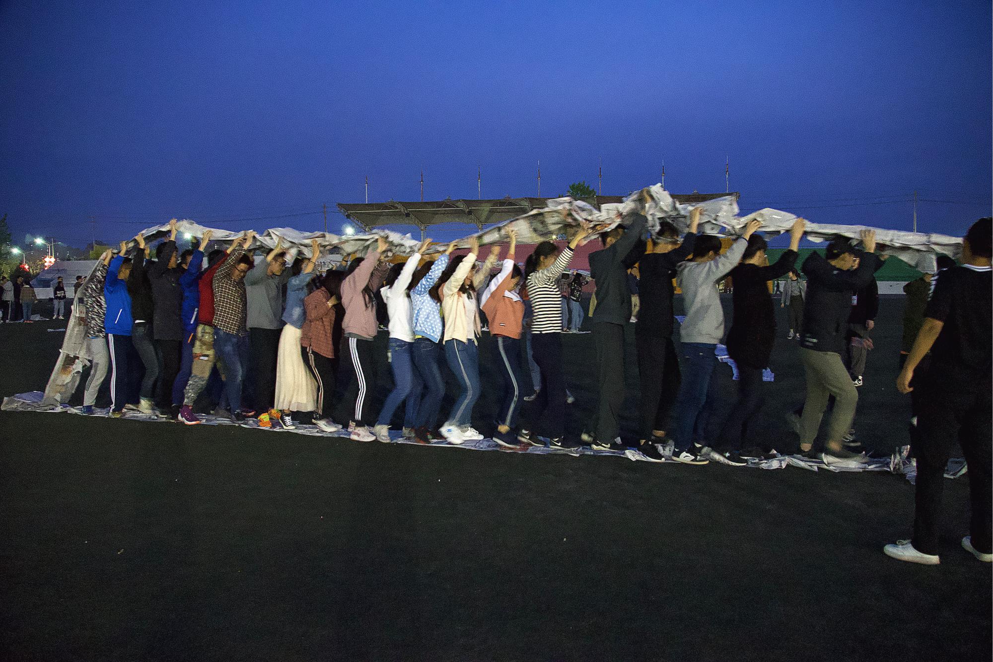 随后,为促进学员相互认识了解,强化团体建设和集体意识,组织部工作人员带领学员分成四组,进行了一系列有趣的破冰活动。具体分为报纸带竞速和穿越呼啦圈两个项目。报纸带竞速为各支队伍站在制作好的报纸履带内行进。穿越呼啦圈则为队员通过身体配合将呼啦圈从右臂套至左臂进而接力传送。现场愉快激烈,学员们积极协作,收获了友谊,凝聚力、归属感也得到了极大的提高。
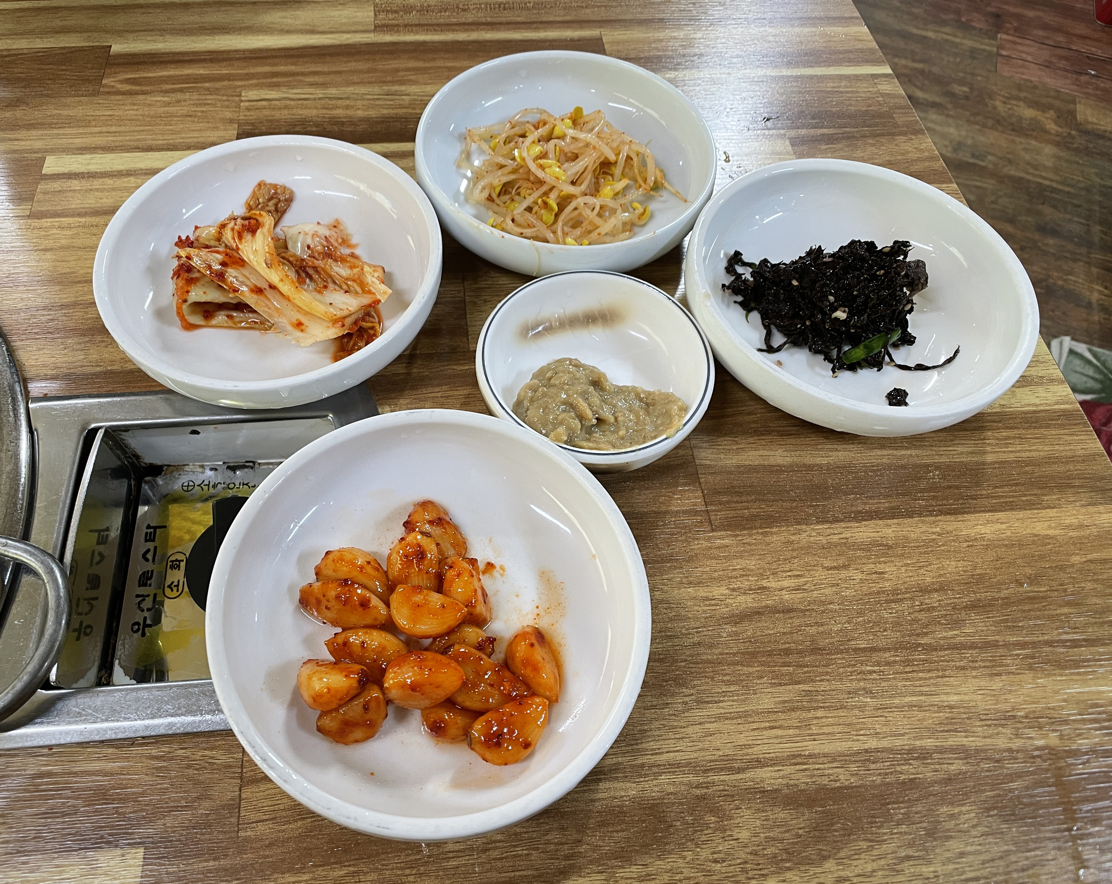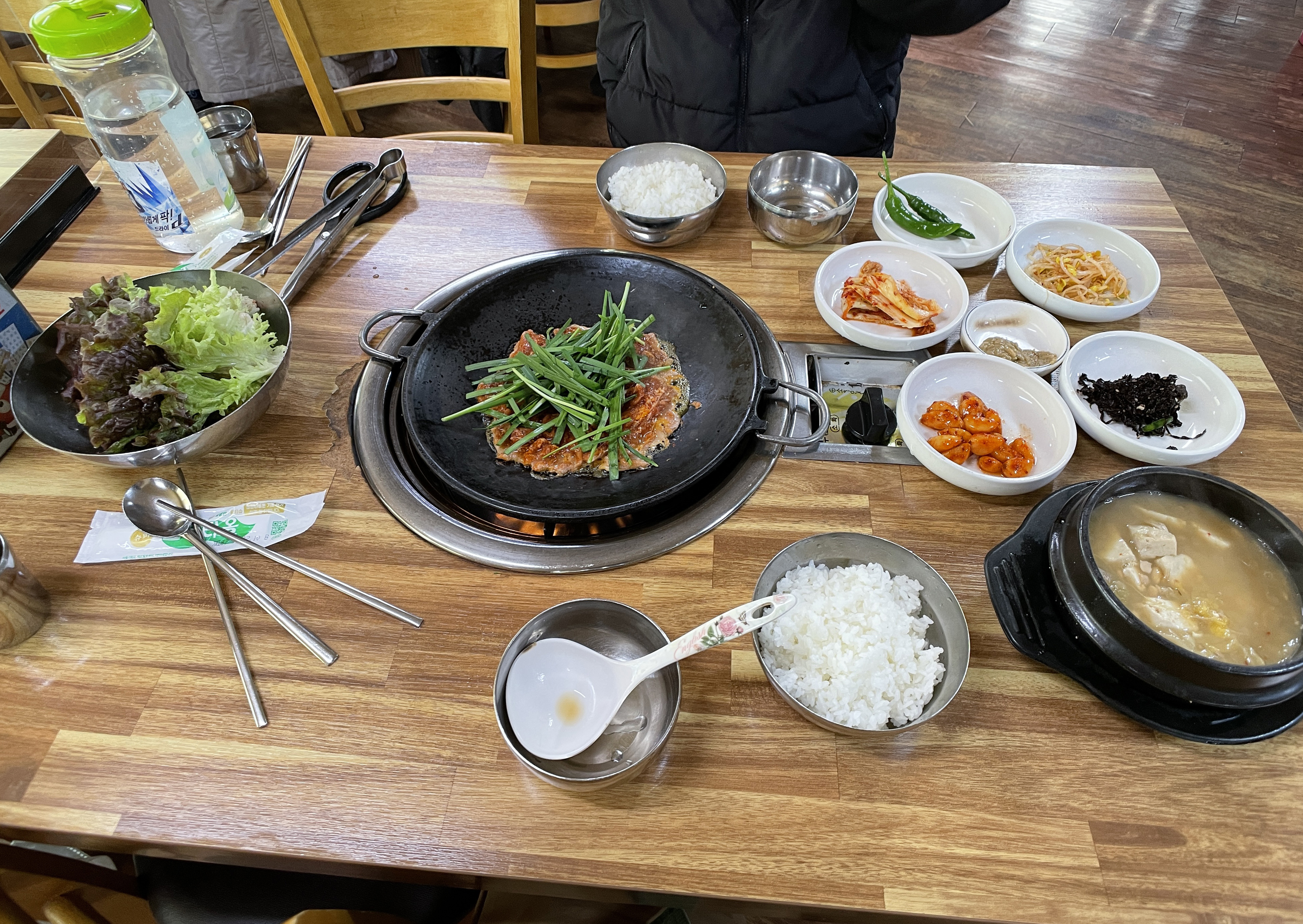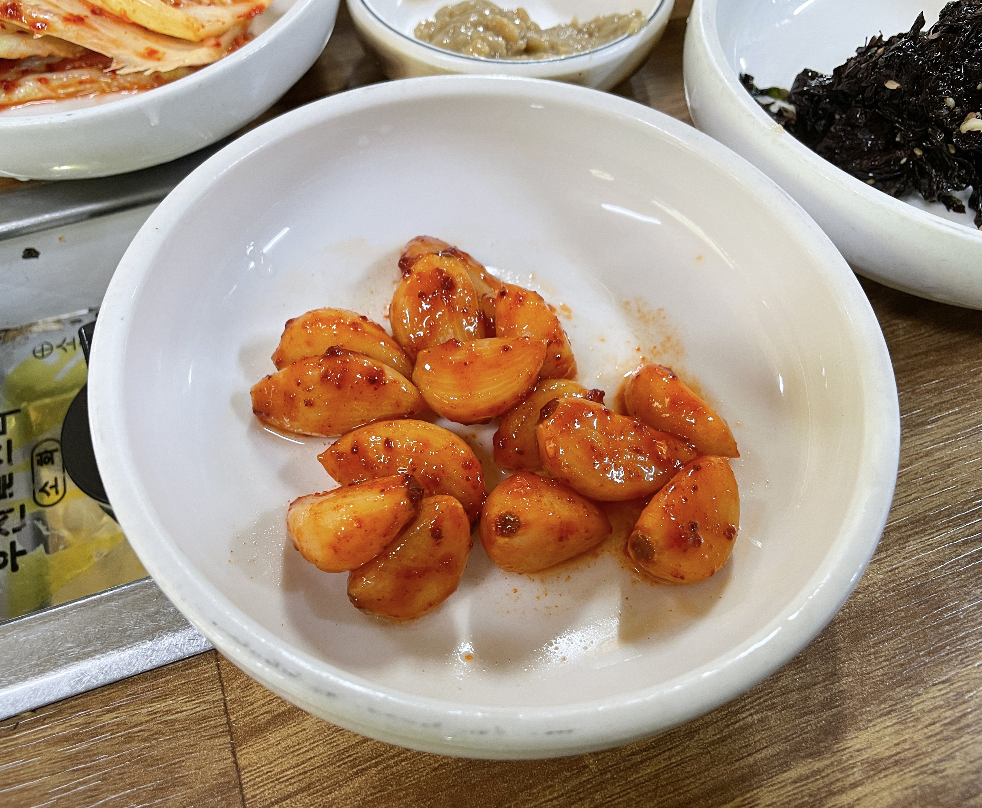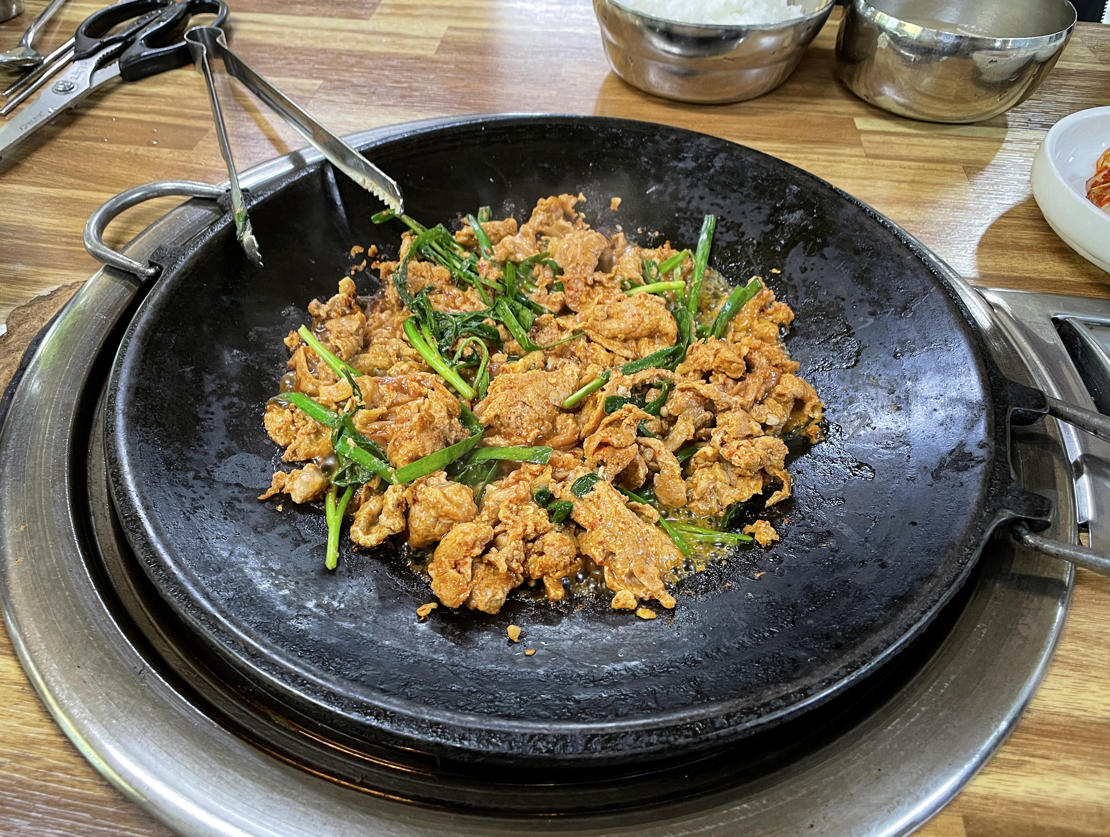 다래식당의 주물럭은 불판 위에 타지 않도록 뒤적이며 구워주면 되었고, 청국장은 끓여서 나오기 때문에 적당량 덜어먹으면 되었습니다. 다른 반찬들도 맛있었지만 저는 특히 고추장 마늘장아찌가 맛있더라고요. (특히 주물럭과 잘 어울렸습니다.)
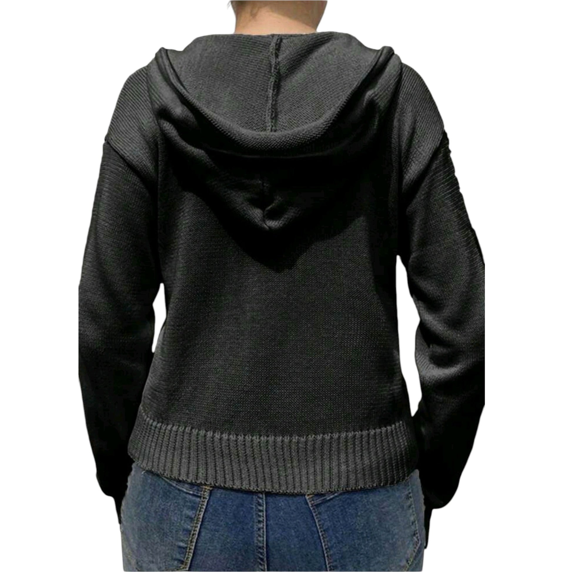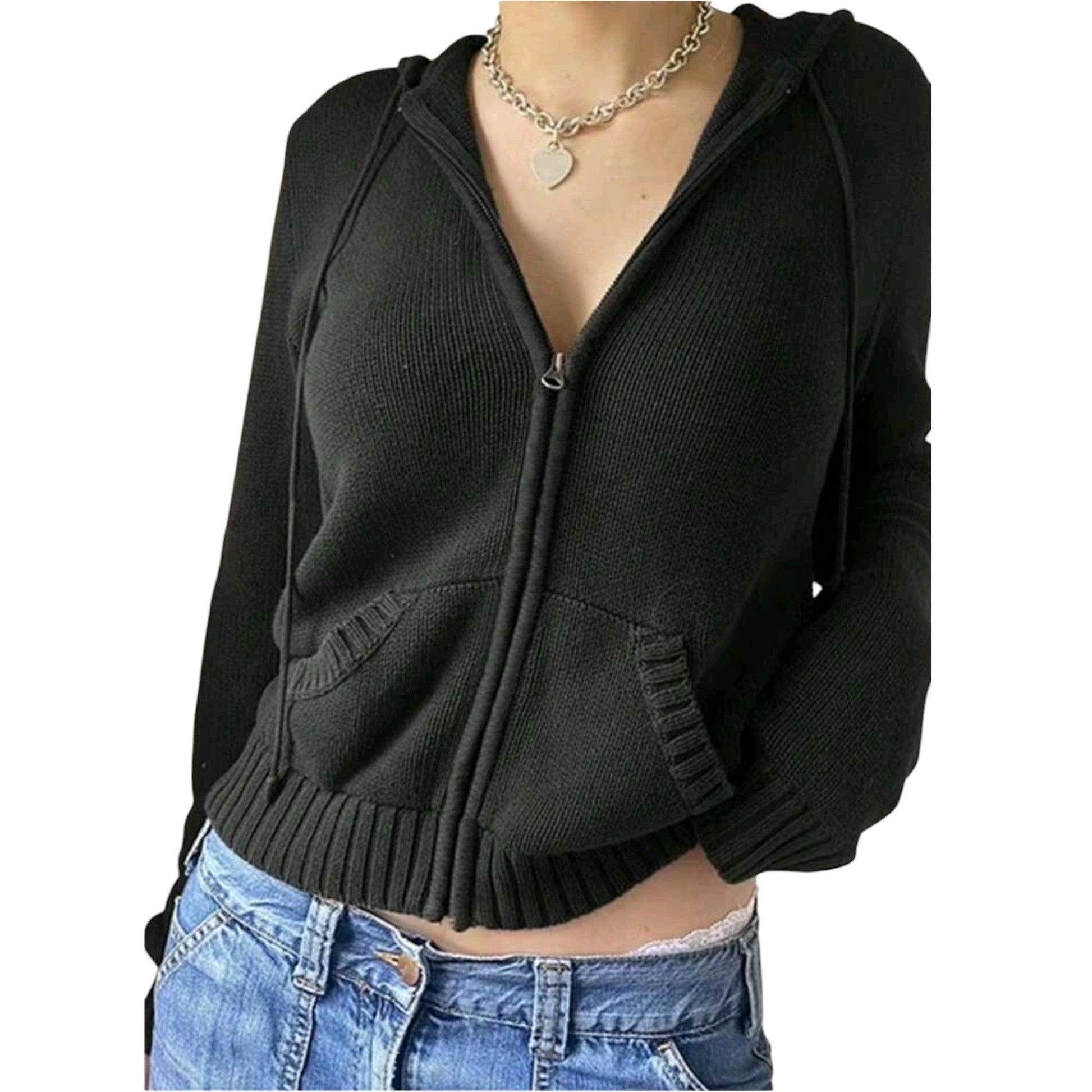 Címke nélküli, fekete, rövid, cipzáras, kapucnis, hosszú ujjú, zsebes, bordázott passzéval.
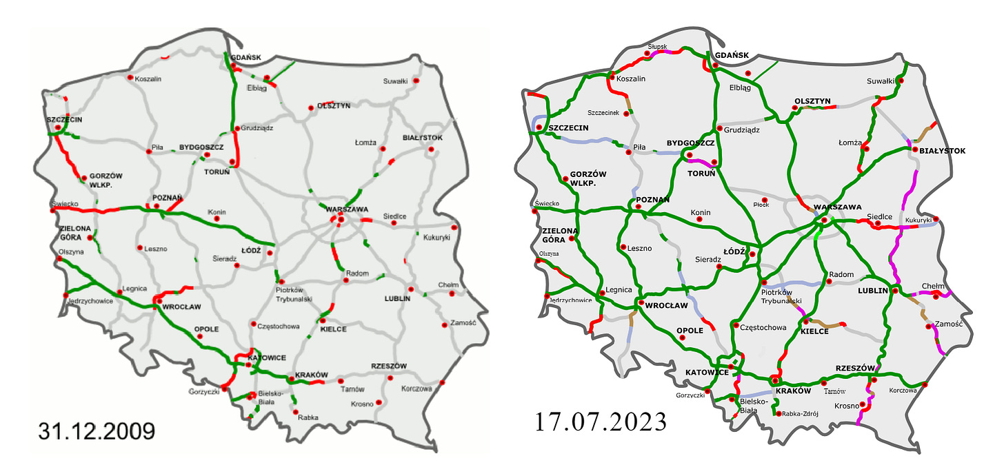 Plán pro české dálnice je ambiciózní, ale ne nemožný. Jak to jde udělat, nám ukazuje úctyhodný příklad Polska. Rozdíl mezi pohledem na mapu před patnácti lety a dnes mluví v podstatě za všechno. V číslech je propast mezi Českem a Polskem ještě patrnější. Mezi lety 2013 a 2022 stavěli poláci v průměru 253 kilometrů dálnic ROČNĚ. Představte si, kdyby vznikla každý rok i v Česku komunikace o délce větší než D1 mezi Prahou a Brnem…

PROBLEM DETAILS: Please set down the whole listing above exactly and skip every picture.

SOLVED PROBLEM:
 随后,为促进学员相互认识了解,强化团体建设和集体意识,组织部工作人员带领学员分成四组,进行了一系列有趣的破冰活动。具体分为报纸带竞速和穿越呼啦圈两个项目。报纸带竞速为各支队伍站在制作好的报纸履带内行进。穿越呼啦圈则为队员通过身体配合将呼啦圈从右臂套至左臂进而接力传送。现场愉快激烈,学员们积极协作,收获了友谊,凝聚力、归属感也得到了极大的提高。
 다래식당의 주물럭은 불판 위에 타지 않도록 뒤적이며 구워주면 되었고, 청국장은 끓여서 나오기 때문에 적당량 덜어먹으면 되었습니다. 다른 반찬들도 맛있었지만 저는 특히 고추장 마늘장아찌가 맛있더라고요. (특히 주물럭과 잘 어울렸습니다.)
 Címke nélküli, fekete, rövid, cipzáras, kapucnis, hosszú ujjú, zsebes, bordázott passzéval.
 Plán pro české dálnice je ambiciózní, ale ne nemožný. Jak to jde udělat, nám ukazuje úctyhodný příklad Polska. Rozdíl mezi pohledem na mapu před patnácti lety a dnes mluví v podstatě za všechno. V číslech je propast mezi Českem a Polskem ještě patrnější. Mezi lety 2013 a 2022 stavěli poláci v průměru 253 kilometrů dálnic ROČNĚ. Představte si, kdyby vznikla každý rok i v Česku komunikace o délce větší než D1 mezi Prahou a Brnem…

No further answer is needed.